Saturday, April 19, 2014

109

I think there should be a celebration for couples who have been together for 20 years.  It could be called a wedidit celebration.  A celebration of not giving up, of staying together through all the huge ups and downs of life, no matter what they are, like recovering from a miscarriage, suffering the death of someone close, the unbelievable miraculous experience of having a baby, sleepless nights after the birth of said baby, sexual inequities, illness, the deep connections of sensual ecstasy, money troubles, sharing the love of a growing family, affairs that break someone's heart, dealing with teachers at parent/teacher conferences, holidays, arguments, snot en trane, belly-laughs, little kindnesses, small cruelties, fulfillment of dreams, slashing of hopes. 

All their friends could put on their most outrageously colourful clothes, and come to the celebration bringing a bottle and a plate of food, a song or a dance or a work of art to give, and the couple could say a few words in public, a declaration of their love, of their independence and their dependence.

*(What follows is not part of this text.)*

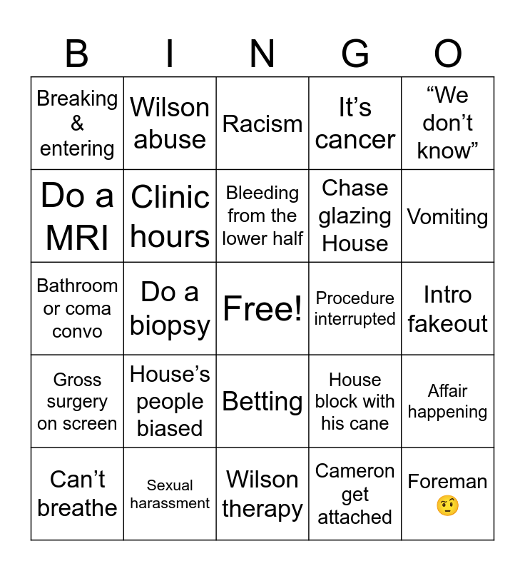 This bingo card has a free space and 30 words: Sexual harassment, Stroke, Do a biopsy, Do a LP, Breaking & entering, Racism, Clinic hours, Betting, Procedure interrupted, Wilson therapy, Intro fakeout, Foreman 🤨, Cameron get attached, Epiphany, Vomiting, Snitching to Cuddy, House block with his cane, Gross surgery on screen, House’s people biased, “We don’t know”, Bathroom or coma convo, Premature patient dispatch, Wilson abuse, Chase glazing House, Do a MRI, It’s cancer, Affair happening, Can’t breathe, Bleeding from the lower half and Seizure.

And afterwards all the friends would clean the house for the wedidit couple, and in the morning they would get into their little car and go on a little trip for a few days, an "aftermoon".

Thinking that the spring was actually here, I took out the erythrina last weekend, and was going to take all the large trees out but got tired halfway through.  So my poor erythrina, which is now about 10 feet high, grown from a lucky bean I found in a bottle which came with our furniture all those years ago, has given up its ambitious verdant new-leafed appearance after the snow which fell overnight on Tuesday!
Lucky beans, which have blood-clotting properties.

I came out to find the poor plant, not only covered in snow, but also flat on the ground across the path, having been blown over by the frigid wind.  So I picked it up as tenderly as I could, with frozen hands, getting jabbed by the hooked prickles which grow on the trunk of the tree.  Ungratefully, it proceeded to shower me with all the snow collected in its still fluttering leaves!  Most of which went straight down the back of my unsuspecting neck and did not put me in a good frame of mind for the long day ahead of me.

Hooked thorns on the trunk of the erythrina lysistemon
But all is forgiven, because this is one of my babies, a little part of South Africa which has grown in a foreign country just as my boys did, into a tall young beautiful presence, with thorns to fend off evil and soft spots of gentleness. 

The little boys in South Africa with their friends Alex and Phillie!